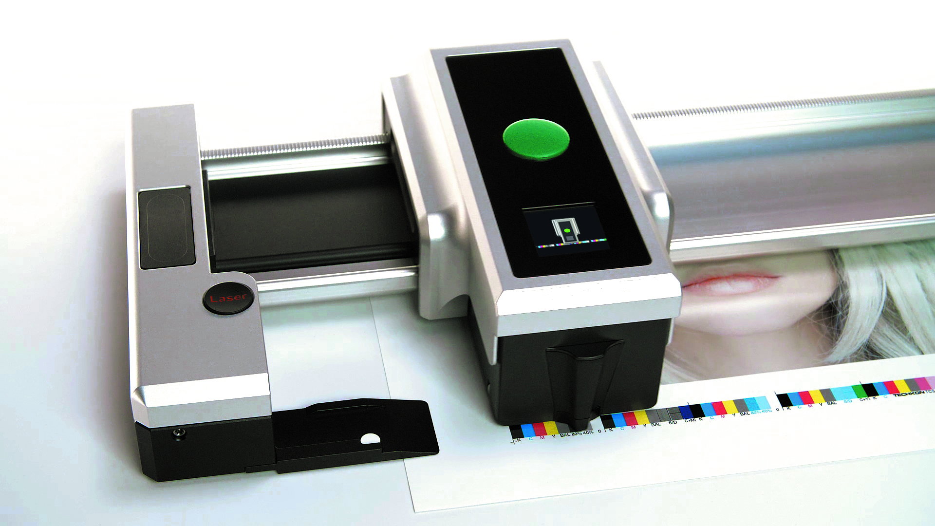 At this point, we now have ink on paper, the registration is close, and it is time to start scanning sheets to determine what specific ink key adjustments are needed. This brings us to the next piece of hardware that is required, the Techkon SpectroDrive. Typically, we mount this on the console directly above the ink key display which allows the press operator a seamless view of what is happening on press. As an alternative, we can also mount the SpectroDrive on separate tables if that is preferred by the customer. In some cases, the console top is not designed or sized to accommodate the scanner. Therefore, in such cases, we typically mount a sheet of melamine over the console top to expand the length of the top to better accommodate the scanner. In reality, any smooth uniform white or black, cleanable, surface will do just fine. To start the scanning process, the press operator pulls a sheet and lays it down on the console or table. Next, the operator starts the scan by just pressing the big green button on top of the SpectroDrive or by touching the scan icon on the screen. The SpectroDrive measurement head then immediately scans accross the sheet measuring the color bar and returns to its’ home position after the scan.
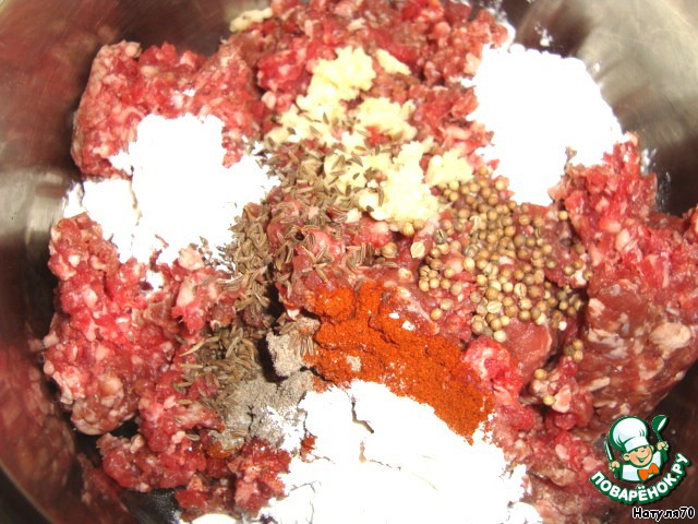 Добавить в фарш крахмал, паприку, тмин, кориандр, чеснок, лук, посолить по вкусу. Тщательно перемешать фарш.
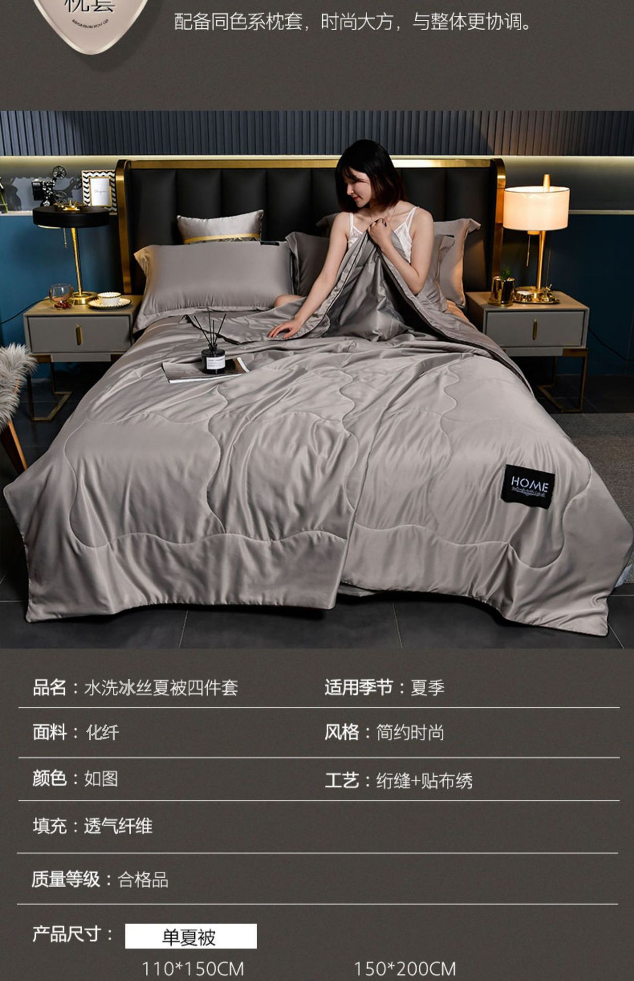 • 200*230cm 아이스 실크 여름 이불 4종 세트 [여름 이불 1장 + 침대 시트 1장 + 베갯잇 2장]
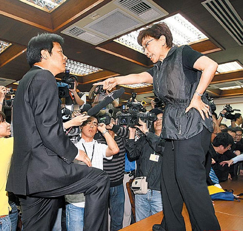 跳桌互呛。国民党“立委”洪秀柱(右)站在桌子上和民进党“立委”赖清德互呛。图片来源:台湾《苹果日报》
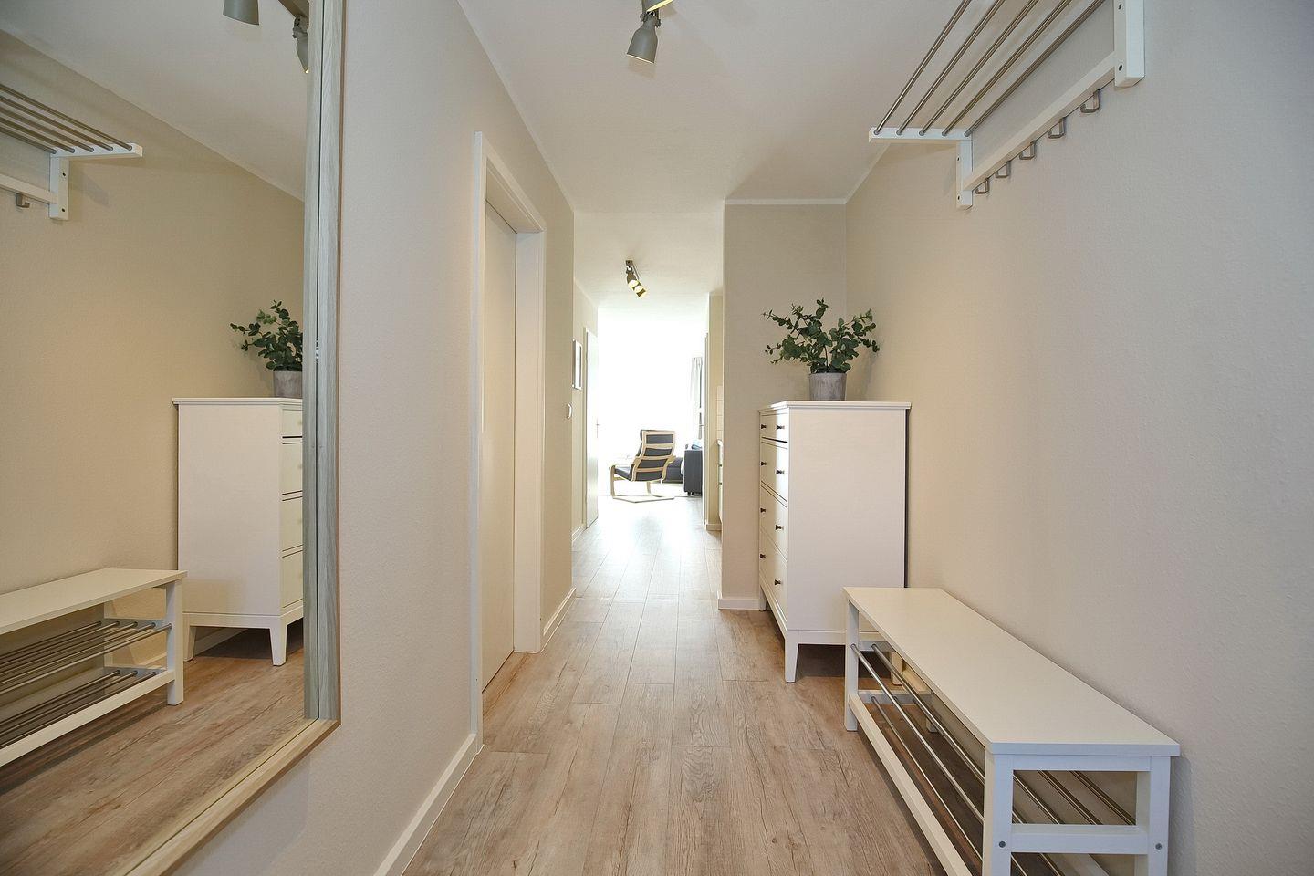 Die Küchenzeile ist mit einem Geschirrspüler, einem Backofen, einem 4-Platten-Cerankochfeld und einem Kühlschrank mit Gefrierfach ausgestattet. Die gesamte Wohnung ist mit Designboden ausgelegt.
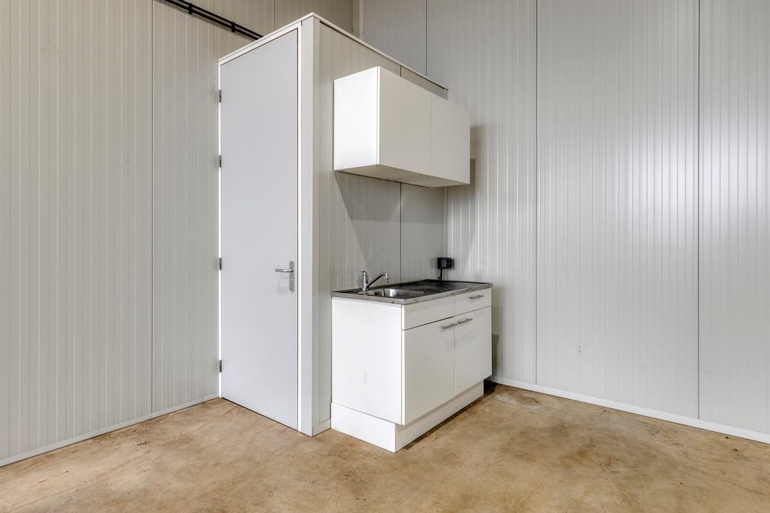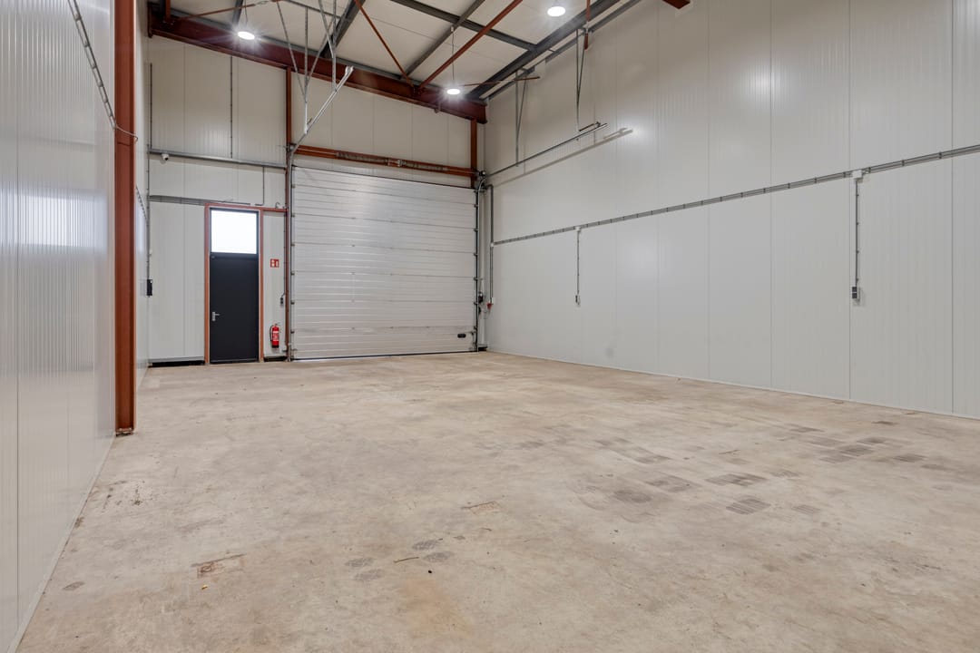 Het betreft een bedrijfsunit met een betonnen begane vloer van ca. 113 m2 VVO. De unit is toegankelijk middels een elektrische overheaddeur (b x h 4,92m x 4,50 m) met separate loopdeur en heeft een ideale vrije hoogte van ca. 6,8 meter. De unit is verder voorzien van krachtstroom, wateraansluiting, LED-verlichting, glasvezelverbinding en camerabewaking. Ook is een toiletruimte en een pantry met close-in-boiler aanwezig.
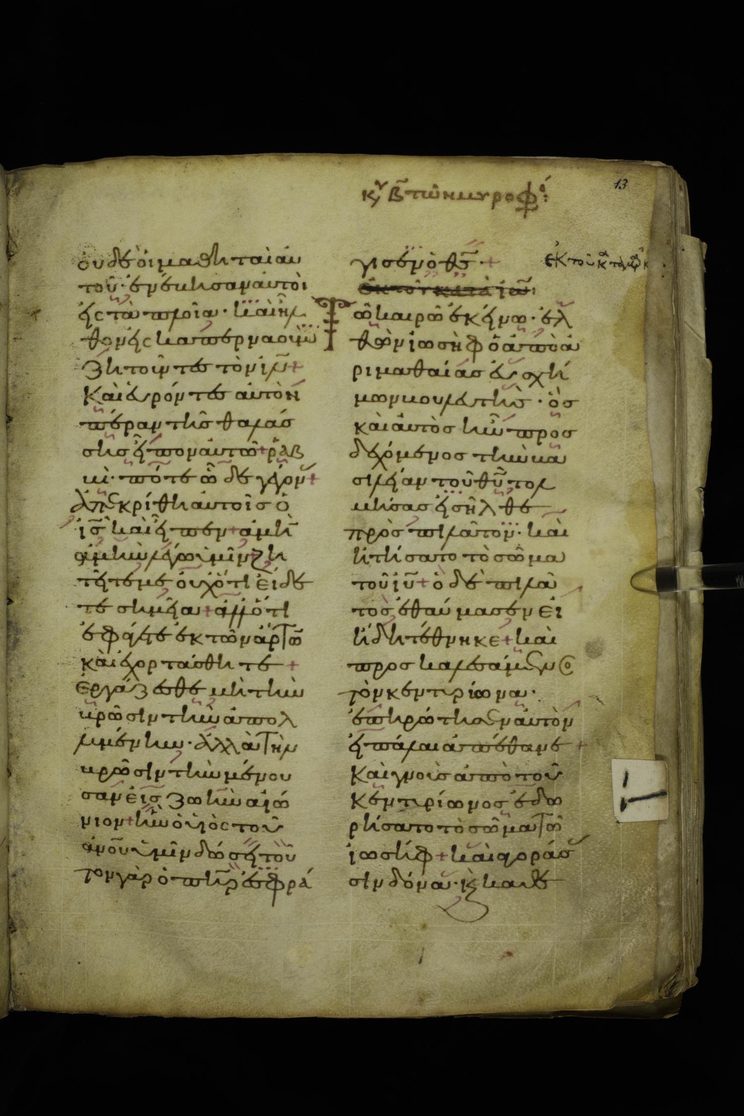 Twelfth century lectionary of the Gospels on parchment; 220 leaves, 2 columns, 24 lines per column. Images were taken at the National Library of Greece in Athens.
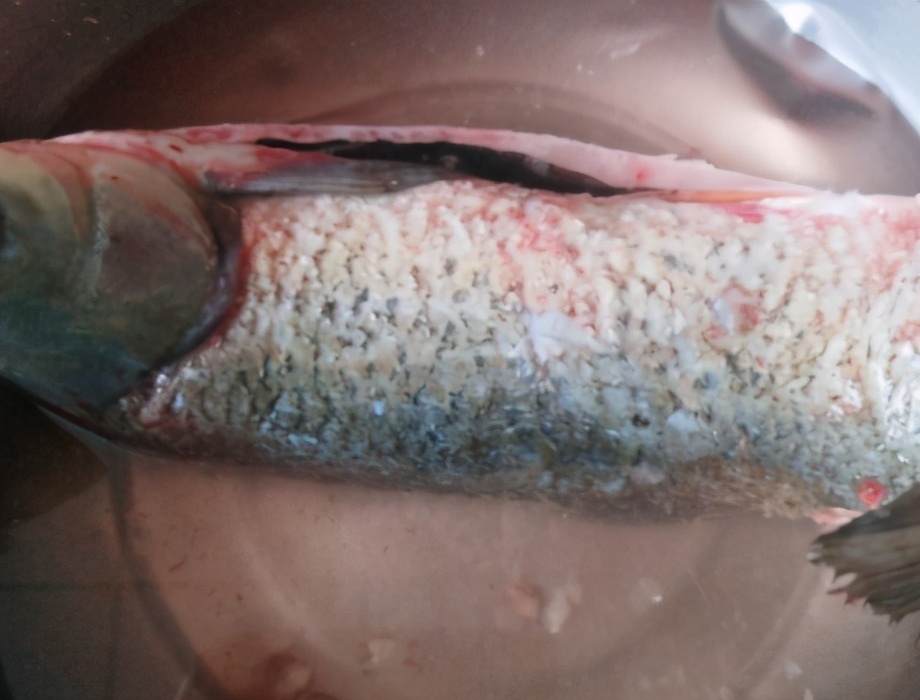 制作过程:第一步,草鱼一条,事先将其刮掉鱼鳞,从草鱼的背部最厚的地方剖开,去除内脏、鱼鳃以及其他不能吃的部分,草鱼肚子里的黑膜记得去除干净;
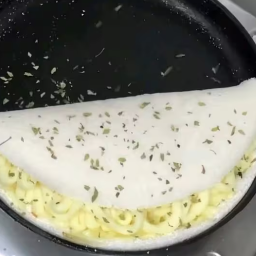 Massa de tapioca artesanal, muçarela, requeijão, bacon, milho e orégano.
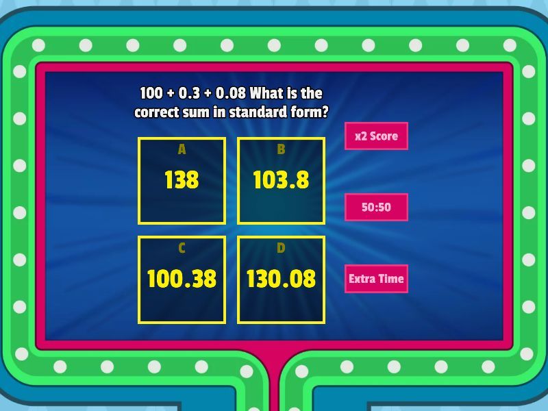 1) 100 + 0.3 + 0.08 What is the correct sum in standard form? a) 138 b) 103.8 c) 100.38 d) 130.08 2) Which expressions are equivalent to 745.9 a) 74 tens + 5 ones + 9 tenths b) 745 hundreds + 9 tens c) 74 hundreds + 5 ones + 9 tenths d) 7 hundreds + 45 tens + 9 tenths 3) Which number is rounded to the nearest hundredths correctly? 357.137 a) 357.13 b) 357.137 c) 357.14 d) 357.147 4) Subtract: 9.1 - 0.52 a) 8.58 b) 9.058 c) 9.42 d) 8.42 5) What's the missing Addend? 0.43 + _____ = 5.53 a) 5.00 b) 4.8 c) 5.01 d) 5.1 6) Write the decimals in increasing order: 21.018, 21.105, 21.003, 21.888, 21.357 a) 21.888, 21.357, 21.105, 21.018, 21.003 b) 21.003, 21.888, 21.357, 21.105, 21.018 c) 21.003, 21.35, 21.105, 21.018, 21.888 d) 21.003, 21.018, 21.105, 21.357, 21.888 7) There are about 795 houses in this region. The average family size is 6 people. There are about __________ people living in the region. a) 4800 b) 5500 c) 4700 d) 5000 8) If a call received on a Sunday is 12.45 minutes longer than the average time, 9.38 min., how long is that call? a) 22.73 b) 21.93 c) 21.83 d) 22.83
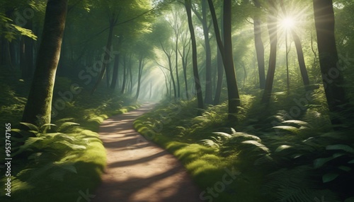 Obraz premium Sunlit Path Through Lush Green Forest
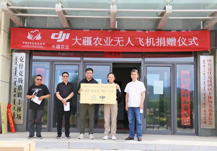 今年 7 月 20 日,大疆农业向中国乡村发展基金会捐赠 15 台农业无人机。这批无人机将用于甘肃省漳县、金塔县、内蒙古自治区克什克腾旗范围内,包括蚂蚁森林捐资种植地块在内的所有林草资源,助力病虫害防治,推动林草业的绿色可持续发展。

» **Exercise brief**: Take the line that contains "Obraz premium Sunlit" and every line after it up to the end of the records above, and restate them exactly, without the pictures.

» **The answer**:
 Obraz premium Sunlit Path Through Lush Green Forest
 今年 7 月 20 日,大疆农业向中国乡村发展基金会捐赠 15 台农业无人机。这批无人机将用于甘肃省漳县、金塔县、内蒙古自治区克什克腾旗范围内,包括蚂蚁森林捐资种植地块在内的所有林草资源,助力病虫害防治,推动林草业的绿色可持续发展。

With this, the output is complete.